What is required →
Once the pictures are set aside, reproduce all of the records exactly.

Extracted records:

++++++

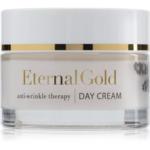 Krem na dzień ETERNAL GOLD 50 ml Bogata w naturalne składniki i ekstrakty roślinne formuła zapewnia wszechstronną pielęgnację, regenerację i ochronę w ciągu dnia. Uprawiana w monitorowanych warunkach szałwia muszkatołowa (Xeradin) zawarta w produkcie, gwarantuje skórze komfort i 24-godzinne nawodnienie. Krem zapewnia błyskawiczny efekt botox-like, dzięki olejowi z hiszpańskiej lawendy (Stoechiol), który blokuje skurcze mięśni mimicznych, przyczyniając się do widocznego spłycenia bruzd i zmarszczek. Najlepsze efekty zapewnia stosowanie całej terapii Eternal Gold.Ekskluzywny krem do stosowania na dzień dla skóry dojrzałej, przesuszonej i wrażliwej. Sposób użycia: Za pomocą dołączonej szpatułki nanieść krem na oczyszczoną skórę twarzy, szyi i dekoltu, wmasować i pozostawić do wchłonięcia. Ze względu na delikatny sposób konserwacji produktu, zaleca się nabieranie kosmetyku szpatułką. Skład: AQUA, CAPRYLIC/CAPRIC TRIGLYCERIDE, CETEARYL ALCOHOL, TITANIUM DIOXIDE, ALUMINA, GLYCERIN, ETHYLHEXYL COCOATE, GLYCINE SOJA (SOYBEAN) OIL, STEARIC ACID, CETEARETH-20, BUTYROSPERMUM PARKII (SHEA) BUTTER, PROPANEDIOL, SALVIA SCLAREA CLARY EXTRACT, PROPYLENE GLYCOL, RUBUS IDAEUS (RASPBERRY) FRUIT EXTRACT, FRAGARIA VESCA (STRAWBERRY) FRUIT EXTRACT, ACTINIDIA CHINENSIS (KIWI) FRUIT EXTRACT, PYRUS MALUS (APPLE) FRUIT EXTRACT, PRUNUS PERSICA (PEACH) FRUIT EXTRACT, CARICA PAPAYA (PAPAYA) FRUIT EXTRACT, CUCUMIS SATIVUS (CUCUMBER) FRUIT EXTRACT, PANTHENOL, SODIUM HYALURONATE, LAVANDULA STOECHAS EXTRACT, XANTAN GUM, GOLD (NANO), SYNTHETIC FLUORPHLOGOPITE, IRON OXIDE, PHENOXYETHANOL, CAPRYLYL GLYCOL, CHLORPHENESIN, PARFUM, BENZYL SALICYLATE, LINALOOL, LIMONENE, COUMARIN, ALPHA-ISOMETHYL IONONE.
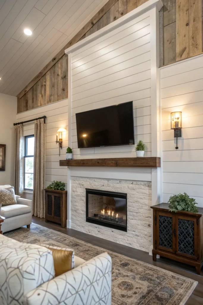 Install vertical or horizontal shiplap around the fireplace and TV for a charming farmhouse feel. Crisp white shiplap brightens the room and blends the TV into the wall.
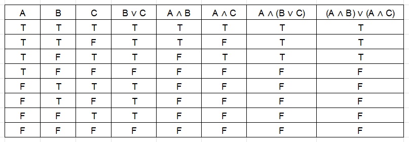 Skipping ahead… Two statements will be shown below without proof. We want one placed close to the other so you can easily compare them. After that, a Truth Table will be provided for each equation.
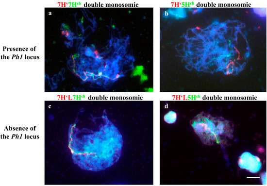 - Silkova, O.G.; Kabanenko, Y.N.; Loginova, D.V. The effect of wheat-rye substitution on chromosome elimination: An analysis of univalents’ behavior in wheat meiosis with dimonosomy and tetramonosomy. Russ. J. Genet. 2014, 50, 245–252. [Google Scholar] [CrossRef]
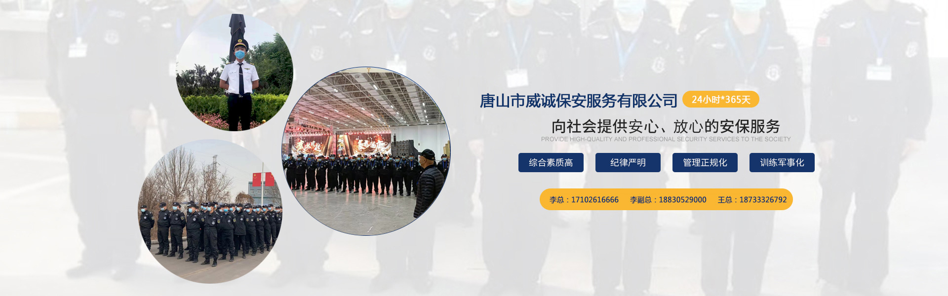 以專創(chuàng)業(yè),以信致遠。威誠保安服務(wù)有限公司將珍視各利益相關(guān)方的信賴,以堅實的工作績效協(xié)助客戶實現(xiàn)安心、有效、和諧的運營,以嚴(yán)格的管理為員工職業(yè)發(fā)展提供平臺支持,成為法治和諧社會的正能量,成就威誠品牌。
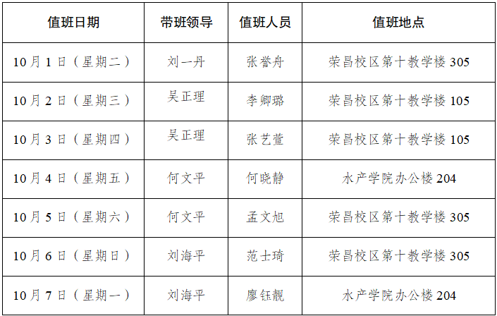 2024年国庆节假期值班安排表
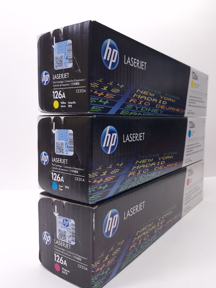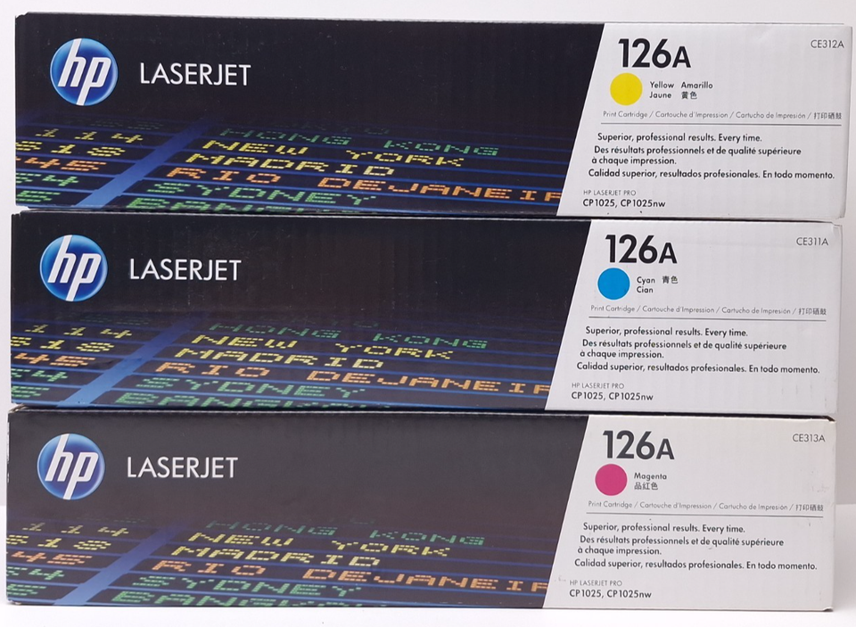 Set of New Sealed Genuine HP Color Laserjet Toner 126A Cyan Yellow Magenta
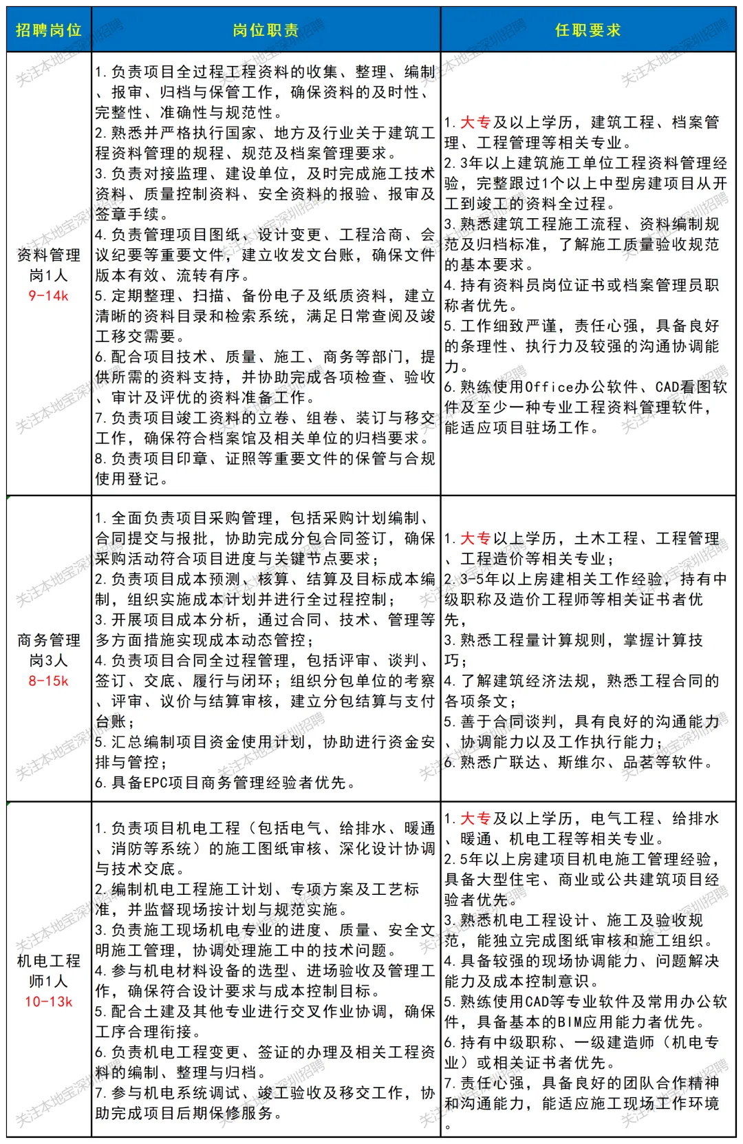 1月27日发布了机电工程师、技术质量岗、资源管理岗、商务管理岗、安全管理岗、施工管理岗6个社招岗位,全部大专可报,岗位展示及薪资范围如下图所示
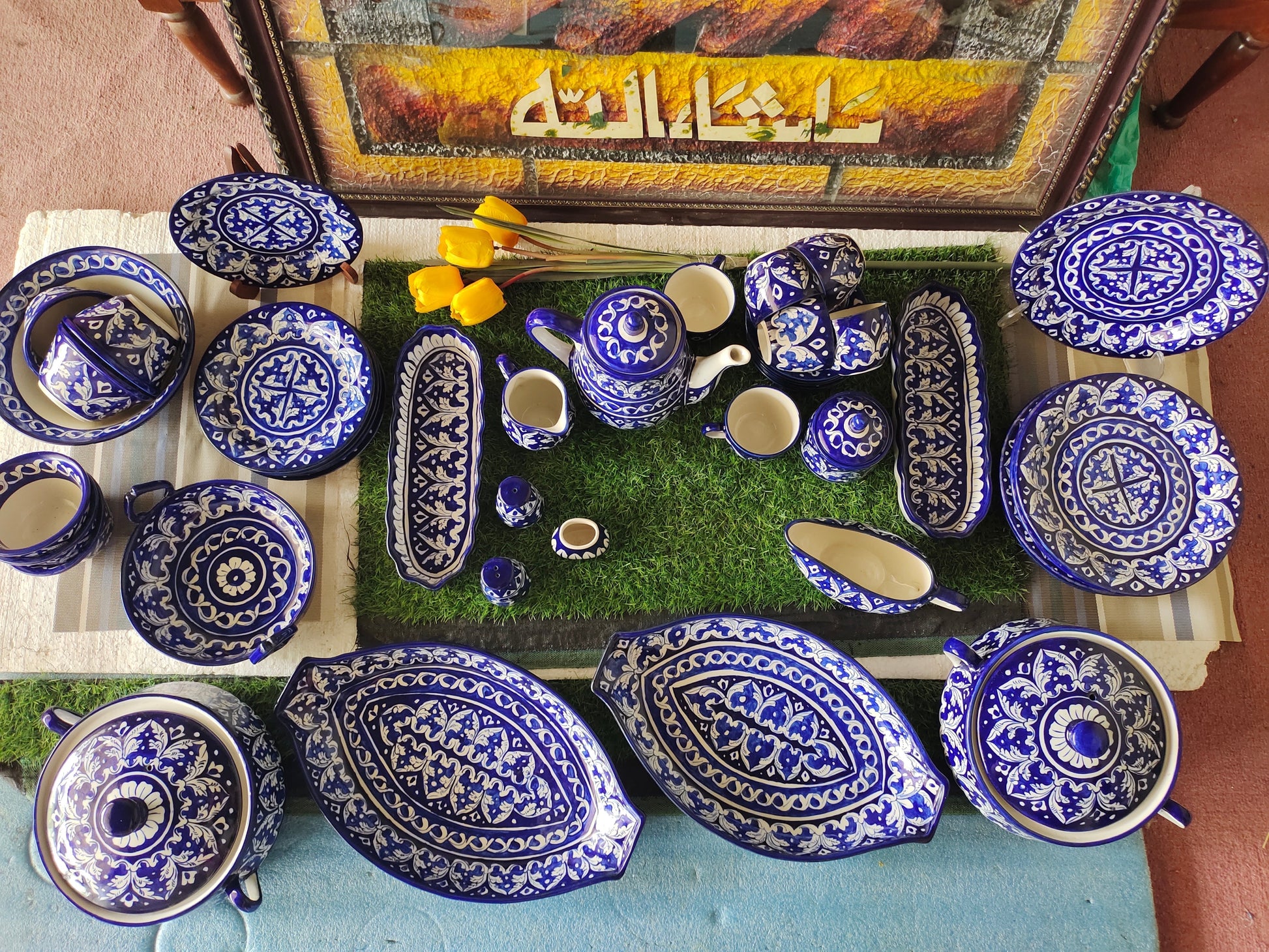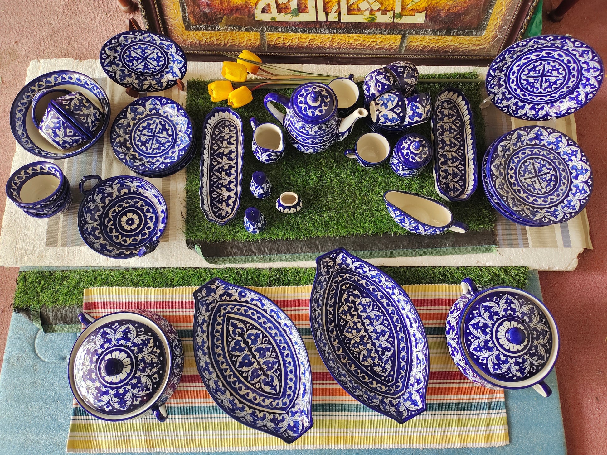 Ceramic Handmade Dinner Set | Blue Gauri Design | Quantity 52 Pcs

++++++

Output for this exercise →
 Krem na dzień ETERNAL GOLD 50 ml Bogata w naturalne składniki i ekstrakty roślinne formuła zapewnia wszechstronną pielęgnację, regenerację i ochronę w ciągu dnia. Uprawiana w monitorowanych warunkach szałwia muszkatołowa (Xeradin) zawarta w produkcie, gwarantuje skórze komfort i 24-godzinne nawodnienie. Krem zapewnia błyskawiczny efekt botox-like, dzięki olejowi z hiszpańskiej lawendy (Stoechiol), który blokuje skurcze mięśni mimicznych, przyczyniając się do widocznego spłycenia bruzd i zmarszczek. Najlepsze efekty zapewnia stosowanie całej terapii Eternal Gold.Ekskluzywny krem do stosowania na dzień dla skóry dojrzałej, przesuszonej i wrażliwej. Sposób użycia: Za pomocą dołączonej szpatułki nanieść krem na oczyszczoną skórę twarzy, szyi i dekoltu, wmasować i pozostawić do wchłonięcia. Ze względu na delikatny sposób konserwacji produktu, zaleca się nabieranie kosmetyku szpatułką. Skład: AQUA, CAPRYLIC/CAPRIC TRIGLYCERIDE, CETEARYL ALCOHOL, TITANIUM DIOXIDE, ALUMINA, GLYCERIN, ETHYLHEXYL COCOATE, GLYCINE SOJA (SOYBEAN) OIL, STEARIC ACID, CETEARETH-20, BUTYROSPERMUM PARKII (SHEA) BUTTER, PROPANEDIOL, SALVIA SCLAREA CLARY EXTRACT, PROPYLENE GLYCOL, RUBUS IDAEUS (RASPBERRY) FRUIT EXTRACT, FRAGARIA VESCA (STRAWBERRY) FRUIT EXTRACT, ACTINIDIA CHINENSIS (KIWI) FRUIT EXTRACT, PYRUS MALUS (APPLE) FRUIT EXTRACT, PRUNUS PERSICA (PEACH) FRUIT EXTRACT, CARICA PAPAYA (PAPAYA) FRUIT EXTRACT, CUCUMIS SATIVUS (CUCUMBER) FRUIT EXTRACT, PANTHENOL, SODIUM HYALURONATE, LAVANDULA STOECHAS EXTRACT, XANTAN GUM, GOLD (NANO), SYNTHETIC FLUORPHLOGOPITE, IRON OXIDE, PHENOXYETHANOL, CAPRYLYL GLYCOL, CHLORPHENESIN, PARFUM, BENZYL SALICYLATE, LINALOOL, LIMONENE, COUMARIN, ALPHA-ISOMETHYL IONONE.
 Install vertical or horizontal shiplap around the fireplace and TV for a charming farmhouse feel. Crisp white shiplap brightens the room and blends the TV into the wall.
 Skipping ahead… Two statements will be shown below without proof. We want one placed close to the other so you can easily compare them. After that, a Truth Table will be provided for each equation.
 - Silkova, O.G.; Kabanenko, Y.N.; Loginova, D.V. The effect of wheat-rye substitution on chromosome elimination: An analysis of univalents’ behavior in wheat meiosis with dimonosomy and tetramonosomy. Russ. J. Genet. 2014, 50, 245–252. [Google Scholar] [CrossRef]
 以專創(chuàng)業(yè),以信致遠。威誠保安服務(wù)有限公司將珍視各利益相關(guān)方的信賴,以堅實的工作績效協(xié)助客戶實現(xiàn)安心、有效、和諧的運營,以嚴(yán)格的管理為員工職業(yè)發(fā)展提供平臺支持,成為法治和諧社會的正能量,成就威誠品牌。
 2024年国庆节假期值班安排表
 Set of New Sealed Genuine HP Color Laserjet Toner 126A Cyan Yellow Magenta
 1月27日发布了机电工程师、技术质量岗、资源管理岗、商务管理岗、安全管理岗、施工管理岗6个社招岗位,全部大专可报,岗位展示及薪资范围如下图所示
 Ceramic Handmade Dinner Set | Blue Gauri Design | Quantity 52 Pcs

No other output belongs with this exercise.